The pipeline also automatically uses DSSP to annotate a pdb file for secondary structures. However, this tool is known to sometimes fail on larger structures. For a custom PDB upload, it is recommended that the user uploads their own DSSP file, as DSSP may fail on these structures. The annotations for DSSP are not necessary for the pipeline until the final characterization step, and would not affect preprocessing, prioritizing hits, meta-aggregation, or clustering. Even for the final characterization step, DSSP annotations are an optional input.
The DSSP Web Portal can be found at: https://pdb-redo.eu/dssp
For sequence alignment, the pipeline runs MUSCLE locally in order to align 2 sequences in order to compare between isoforms or across species.
For running CLUSTAL, the associated formating packages do not work for arm machines (ie M1/M2/M3 MacBooks). However, the packages should download for Windows and Linux based machines.

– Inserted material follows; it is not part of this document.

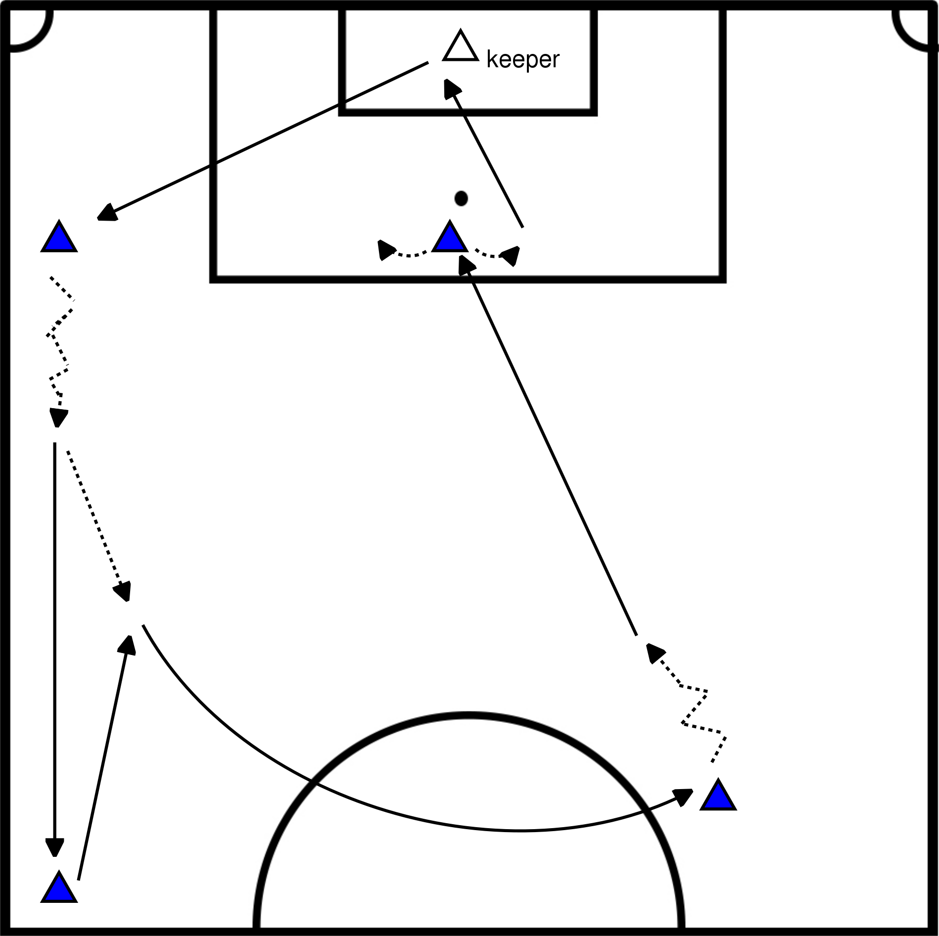 - Keeper shoots out, playing striker with back to goal, striker turns away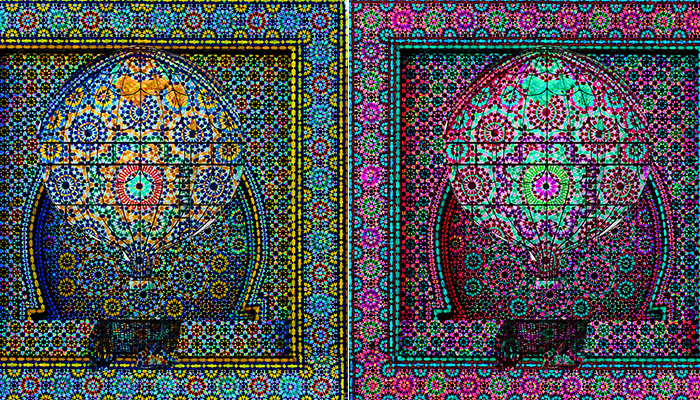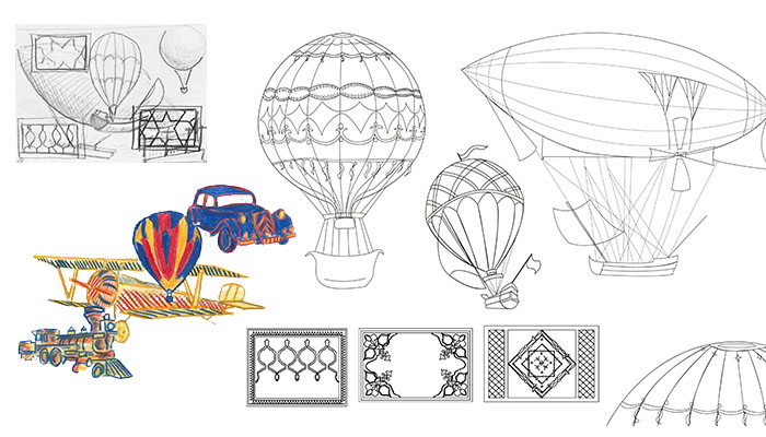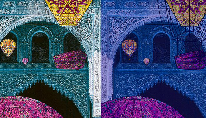 Use the idea of travel evoked through the character’s genius in the play, through imaginary machines and oriental mosaics, playing on the levels of readability of the text. The text is printed on blue layers in order to facilitate readability, and not to lose the strength of the colors of the image.

If the user is using an arm machine, it is recommended to set the mode to 'query' instead of 'run', which calls the MUSCLE API.
If MUSCLE or CLUSTAL cannot be run locally, the pipeline queries the MUSCLE API, although this may also fail due to issues with the API. Running the MUSCLE API also skips the next step using CLUSTAL.
Another option to skip MUSCLE and CLUSTAL is for users to run alignment on their own in a CLUSTAL format, and provide the sequence.align alignment file into the pipeline which is one of the optional inputs.
This project is licensed under the MIT License - see the LICENSE file for details.